The classic question of “why are we bothering to try to do anything in this horrible place?” to some is a prompt for disengagement. For others, it’s a challenge.
Why does the warrior historian continue to explore a hellscape that is going to fade into nothingness? Why do they care for the disappearing history of a doomed world? Their knowledge is soon to fade, with their death and the destruction of their records. Their pursuit of it almost certainly will hasten their death.
So why?
Because they believe it worth doing. They believe it is the best way to spend what time they have left. And that conjures a titanic strength of character, that they haven’t simply laid down and waited for the end.
Perhaps continuing their pursuit soothes them. Maybe they secretly (and foolishly) hope to find an answer to the ruin that besets the world. Do they think that the best use of their time is to learn the stories of past, honouring what the world was and not fearing what it will become? Or maybe they are working for a demon who would hurt them in ways they don’t dare consider if they drop the ball.

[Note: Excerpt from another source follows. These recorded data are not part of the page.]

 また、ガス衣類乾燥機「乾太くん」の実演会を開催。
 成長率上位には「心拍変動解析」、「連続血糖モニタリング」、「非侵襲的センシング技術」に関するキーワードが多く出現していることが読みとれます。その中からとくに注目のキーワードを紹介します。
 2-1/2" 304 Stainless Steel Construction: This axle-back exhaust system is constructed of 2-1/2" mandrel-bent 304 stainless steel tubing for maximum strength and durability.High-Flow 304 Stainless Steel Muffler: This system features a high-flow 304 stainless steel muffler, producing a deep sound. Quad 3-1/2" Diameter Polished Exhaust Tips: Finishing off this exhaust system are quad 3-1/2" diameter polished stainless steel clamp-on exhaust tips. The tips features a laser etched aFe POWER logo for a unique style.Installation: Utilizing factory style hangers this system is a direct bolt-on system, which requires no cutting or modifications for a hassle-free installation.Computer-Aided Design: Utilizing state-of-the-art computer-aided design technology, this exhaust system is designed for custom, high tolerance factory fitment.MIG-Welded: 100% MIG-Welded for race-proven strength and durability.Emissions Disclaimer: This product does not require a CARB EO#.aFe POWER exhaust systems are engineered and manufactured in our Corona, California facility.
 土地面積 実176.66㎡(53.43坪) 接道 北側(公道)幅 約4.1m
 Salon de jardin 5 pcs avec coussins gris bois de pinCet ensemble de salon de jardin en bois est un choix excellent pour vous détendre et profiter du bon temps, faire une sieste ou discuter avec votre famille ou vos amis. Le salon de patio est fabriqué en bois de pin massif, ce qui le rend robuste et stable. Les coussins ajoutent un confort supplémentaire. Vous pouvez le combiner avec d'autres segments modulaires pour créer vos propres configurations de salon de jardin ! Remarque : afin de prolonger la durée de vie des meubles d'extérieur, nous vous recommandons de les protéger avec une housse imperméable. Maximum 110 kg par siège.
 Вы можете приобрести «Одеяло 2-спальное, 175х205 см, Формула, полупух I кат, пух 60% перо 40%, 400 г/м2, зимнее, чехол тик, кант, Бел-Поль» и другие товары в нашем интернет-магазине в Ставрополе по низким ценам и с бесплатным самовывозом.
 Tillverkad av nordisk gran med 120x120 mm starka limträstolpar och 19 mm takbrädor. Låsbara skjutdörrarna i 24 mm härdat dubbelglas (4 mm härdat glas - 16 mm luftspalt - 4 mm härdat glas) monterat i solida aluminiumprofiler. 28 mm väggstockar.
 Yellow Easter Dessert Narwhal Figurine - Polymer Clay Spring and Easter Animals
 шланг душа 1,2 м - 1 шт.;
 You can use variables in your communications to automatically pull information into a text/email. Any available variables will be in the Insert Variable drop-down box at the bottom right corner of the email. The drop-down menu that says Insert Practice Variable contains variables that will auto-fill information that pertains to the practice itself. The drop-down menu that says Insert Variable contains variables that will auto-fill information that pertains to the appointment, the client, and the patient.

That makes for a fascinating characters with ironclad motives and conflicts.
Wrap up
It’s not for everyone, but I think there’s a misconception that grimdark is without stakes or that it’s only ever bathing in misery for funsies. For some of us at least, it’s a unique field of play to explore the human condition. If that sounds cool to you, check out Inkvein, it’s going to be full of miserable goodness.

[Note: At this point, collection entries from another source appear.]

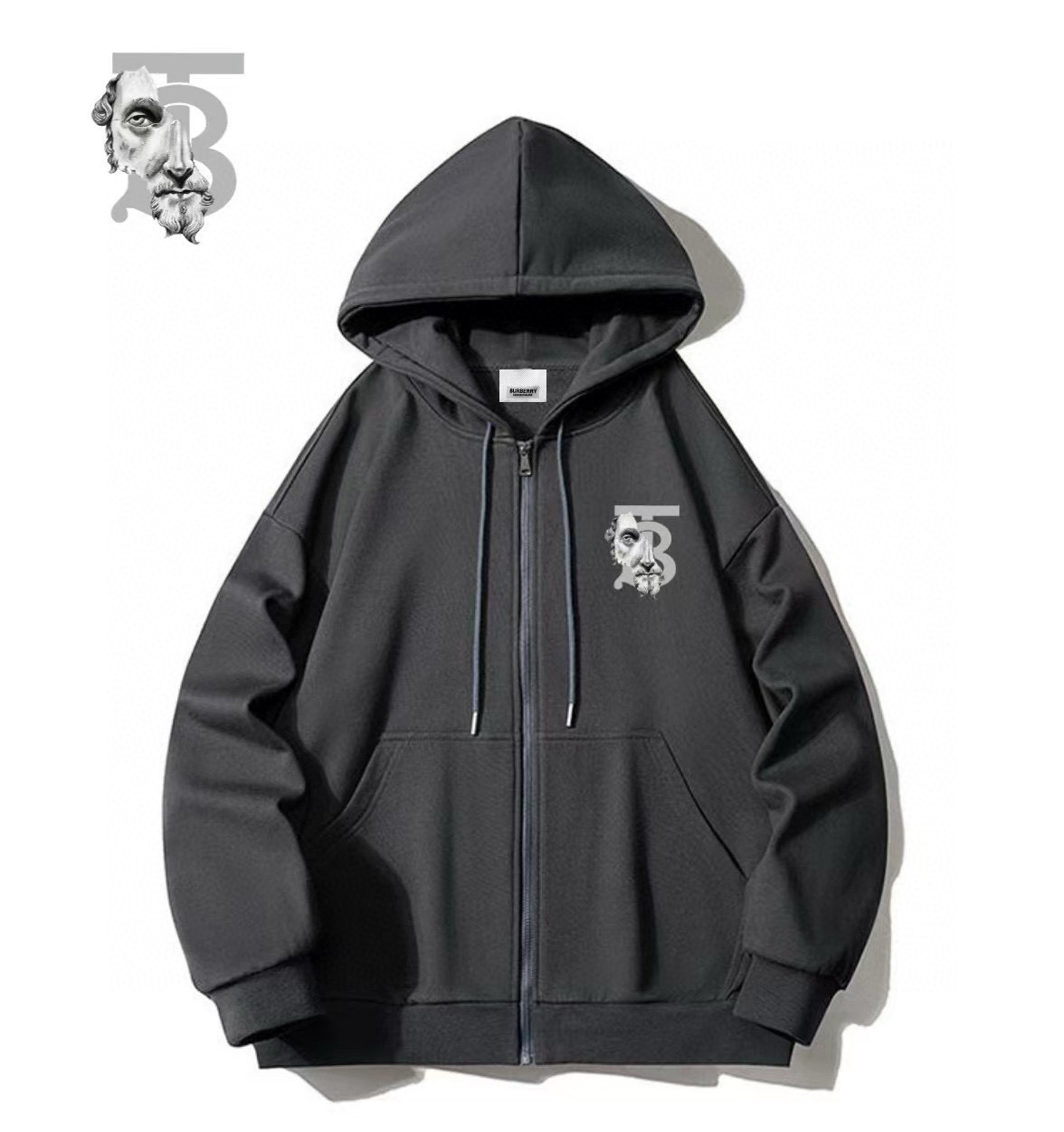 连帽开衫篇 防伪标识版拉链连帽开衫毛圈360克原标吊牌 巴宝莉BURBERRY人脸基础款连帽开衫卫衣落肩款情侣同款 爆款面料
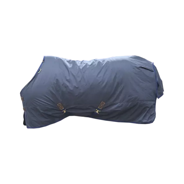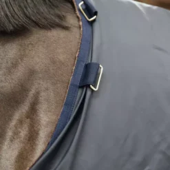 For 100% wind- and waterproofness we used the same material as we did for the horse raincoat, a PU coating. This coating is the same that’s used for the typical yellow fisherman jackets. The coating is applied to the outside of the rug and is therefore unique in the rug market. Thanks to the artificial rabbit skin on the inside of the rug, the rug is very soft on the skin and avoids rubbing marks. This lining also gives the horse a shiny coat and prevents a damp feeling under the rug. The 150g fiberfill filling offers your horse extra protection against cold weather. This filling creates, together with the artificial rabbit skin, an isolating layer that traps and retains the horse’s body warmth. The hurricane rug features two classic brass finish stainless steel closures at the front, two surcingles and a plastic-covered bungee cord which is detachable. The classic artificial leather patches and the gold details will make your horse look sophisticated, even on rainy days.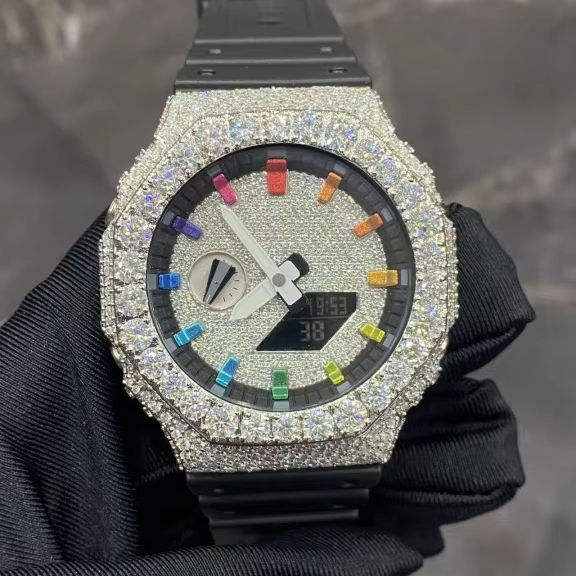 Custom Moissanite for Diamond Watch Iced Out Diamond Luxury Analog Leather Band Hip Hop Buss Down Watch Gift for Him

Grimdark is my blood type, so I don't need anyone to defend it, but I love your perspective of characters surviving within it because the act itself gives them purpose.
I also tend to think of grimdark characters as surviving despite, in defiance of, the world around them. It's all falling into the Eye of Terror, but we're not going to make it easy for them, goddamn it. Cadia Stands.
There may not be hope in that, but there's humanity and courage.
Interesting post!
Grimdark really brings the focus on the party and what the party does with its limited resources. In my view, Grimdark encompasses a time in the world between two eras of peace and goodness, to put it in black and white terms.
It is neither pre-collapse nor post-collapse. Corruption and degeneration have set into all things that have accumulated power, not only the evil cult or the savage monster tribes, but all things. In classic D&D, it could mean that the Church of Law has become desolate, where its dogma has become more important than upholding Law, which drives people to find comfort in Chaos. So cities are filled with squalor, smugglers, bandits and outlaws are a normal functioning part of society, and no higher authority can make any positive difference. People are trying to ride out the storm.
That at least makes Grimdark for me so interesting, it is not that the PCs can't make a difference, but more or less that even if they can stabilise a little bit of the world. The wider world is still moving on a downward trend until it can recover.